On the outside of it all is the son, Charlie – Charles, now that he has grown up. To cite just a few examples of the bad parenting Augusta inflicted on the poor boy, she left his grade school band recital to have sex with one of his boarding school classmates in the bathroom, and tossed him out onto the street when he was 16 – but does not remember doing this because she was so drunk and/or high. At the outset of the novel, Augusta has not seen or attempted to contact Charles in seven years. She has published a surprisingly successful memoir (people just can't seem to look away from a train wreck, in life and in fiction) and has scarcely mentioned him or his (maybe) father, but this turns out to be borne out of emotional self-preservation, not neglect.

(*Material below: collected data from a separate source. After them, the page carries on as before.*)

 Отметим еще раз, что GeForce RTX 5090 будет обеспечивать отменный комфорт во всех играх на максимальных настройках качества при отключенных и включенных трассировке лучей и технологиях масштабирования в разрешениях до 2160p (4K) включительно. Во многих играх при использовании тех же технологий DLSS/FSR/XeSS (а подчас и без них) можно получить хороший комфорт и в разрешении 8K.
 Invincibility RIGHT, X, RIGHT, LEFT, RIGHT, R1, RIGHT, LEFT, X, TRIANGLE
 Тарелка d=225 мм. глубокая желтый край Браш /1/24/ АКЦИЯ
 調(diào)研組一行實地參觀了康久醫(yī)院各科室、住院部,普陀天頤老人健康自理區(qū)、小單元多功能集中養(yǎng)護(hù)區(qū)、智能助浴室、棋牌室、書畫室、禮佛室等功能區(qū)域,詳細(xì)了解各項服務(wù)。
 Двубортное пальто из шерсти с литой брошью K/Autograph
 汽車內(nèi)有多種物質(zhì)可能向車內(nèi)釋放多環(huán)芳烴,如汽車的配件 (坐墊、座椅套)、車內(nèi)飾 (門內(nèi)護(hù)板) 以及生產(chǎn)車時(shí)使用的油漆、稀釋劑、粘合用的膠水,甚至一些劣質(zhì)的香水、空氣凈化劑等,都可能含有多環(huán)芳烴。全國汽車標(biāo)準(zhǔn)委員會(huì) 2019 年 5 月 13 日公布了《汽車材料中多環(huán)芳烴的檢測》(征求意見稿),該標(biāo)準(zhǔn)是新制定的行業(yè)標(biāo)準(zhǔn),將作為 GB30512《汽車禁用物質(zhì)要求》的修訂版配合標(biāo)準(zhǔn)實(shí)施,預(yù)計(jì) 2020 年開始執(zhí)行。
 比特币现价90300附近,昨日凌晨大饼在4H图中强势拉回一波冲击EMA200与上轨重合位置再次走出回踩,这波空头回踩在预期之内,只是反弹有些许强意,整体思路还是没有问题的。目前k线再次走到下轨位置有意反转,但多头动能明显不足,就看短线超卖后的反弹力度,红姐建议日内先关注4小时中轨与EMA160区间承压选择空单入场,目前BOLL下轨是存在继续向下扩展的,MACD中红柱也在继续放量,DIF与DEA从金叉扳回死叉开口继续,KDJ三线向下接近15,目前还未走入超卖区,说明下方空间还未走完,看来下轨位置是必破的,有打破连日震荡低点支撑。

It is when Augusta's maternal failings are described that Renzetti's writing is at its most moving. It's easy to despise and dismiss addicts who hurt people, but a character like Augusta paints a true portrait of the powerlessness addicts experience at the hands of their own weaknesses. Augusta describes herself as a new mother, feeling constantly as though she was "trying to knit a sweater while wearing oven mitts." (What mother of a newborn has not felt this way when attempting, in the middle of the night, to determine the reason for all the crying? Add to this withdrawal symptoms from booze and painkillers and you've got a recipe for unbearable.)

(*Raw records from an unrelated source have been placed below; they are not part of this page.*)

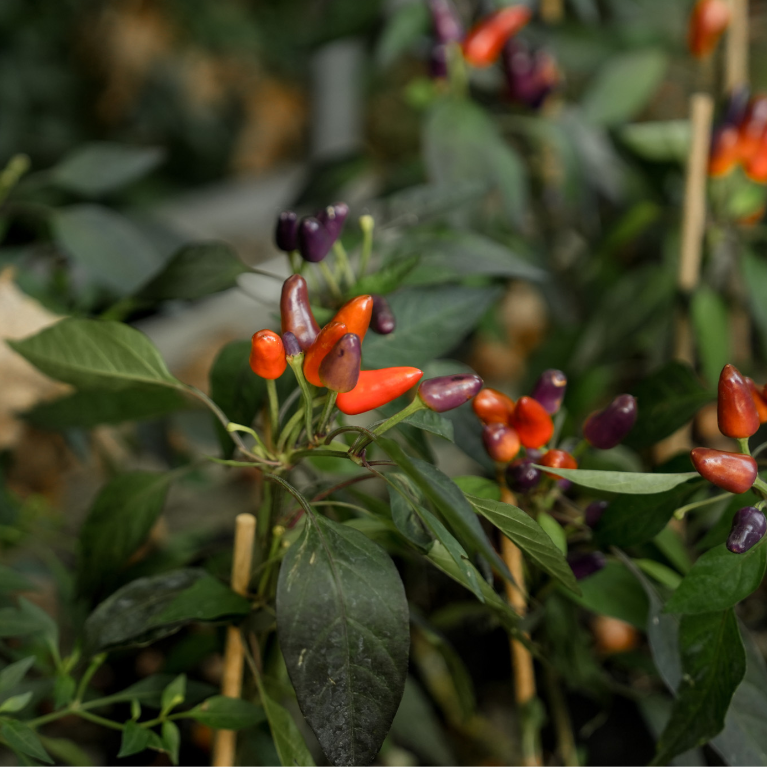 Betreten Sie die Welt von Farbe und Würze mit Paprika Lila Luzi, einer dekorativen, sehr kleinen Chilischote, die Ihren Garten in ein malerisches Fest verwandelt. Mit violetten Blättern und reichem Fruchtansatz bietet diese Paprika einen optischen Höhepunkt, während die Früchte von Violett über Gelb und Orange bis schließlich Rot ausreifen. Besonders geeignet als attraktive Topf- oder Kübelpflanze und auch ideal für den Anbau im Freien. Mit einem Schärfegrad von 7.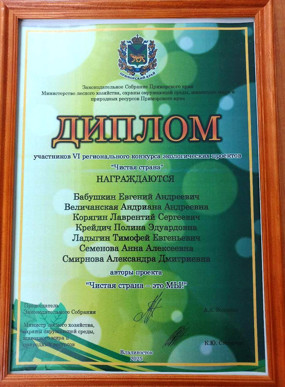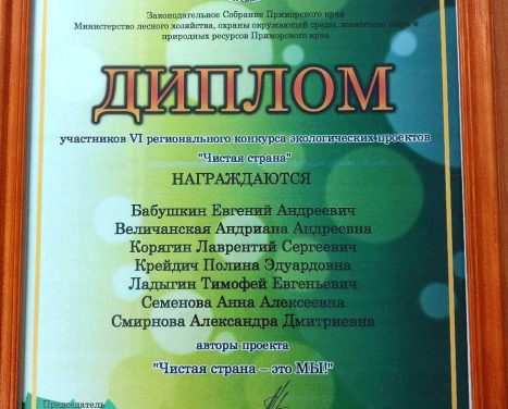 Группа наших студентов вернулась из поездки во Владивосток с наградами VI регионального конкурса экологических проектов «Чистая страна».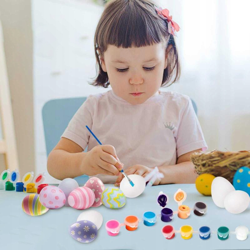 Покрасьте пенопластовые яйца, используя прилагаемый набор краски и кисть – единственное ограничение – ваша фантазия!

Later, she relays a story to Frances, who has become an unlikely ally and is now traveling from London to L.A. with Augusta to ghost write her next book and help her avenge perceived crimes she believes her ex-lover is about to commit in the form of a revenge memoir, about the moment she first realized she wasn't meant to be a mother. It was during a school trip to a dinosaur museum she attended with Charlie. At the end of the day, the class stopped at a fountain in a courtyard and Augusta threw in a coin, closed her eyes and thought, I hope I've got enough Valium to see me through the week. "One of the other mums chucked her coin in, and she turned to me. I can still see the smile on her face. She said, 'Do you think there will ever come a day when we'll make a wish that's about ourselves, and not about our kids?'"

While the narrative takes some fairly absurd twists and turns – there are many drunken exploits, including one especially memorable moment involving a mechanical bull – it also leads the reader along the path of understanding the mind of a celebrity, and especially an actress like Augusta, who is a human being at the root of it all, but a human being defined by her sex appeal and ability to perform. There are people like this in the world. We all know who they are. We all delight when they fall down, but we shouldn't. This book also offers insight into addiction, insecurity, the way our upbringings define us, and the nature of true love, how blind it can be – but also how it, above all else, can be what raises a person out of the depths of failure and despair.

Renzetti has revealed that she was inspired to write a character like Augusta by Marianne Faithfull, who is also known for staggering through life on high heels, while being high, in general. But still, Faithfull, like Augusta, always managed to maintain the allure that made both Mick Jagger and Keith Richards fall in love with her. Whenever I think of Faithfull, I don't think of the tales of her partying and pill popping, though. I think of a story I heard once – from my dad, I think – about how the song Wild Horses, so achingly beautiful and filled with longing, was inspired by a visit Mick Jagger paid to Faithfull's hospital room after she had miscarried his child and overdosed on pills. As the story goes, he pleaded with her not to die on him. And she is reported to have said, "Honey, wild horses couldn't drag me away."

Or perhaps that's not really how it went – perhaps that's just a rumour, a tale only based on a true story.

Marissa Stapley's novel Mating for Life comes out this month.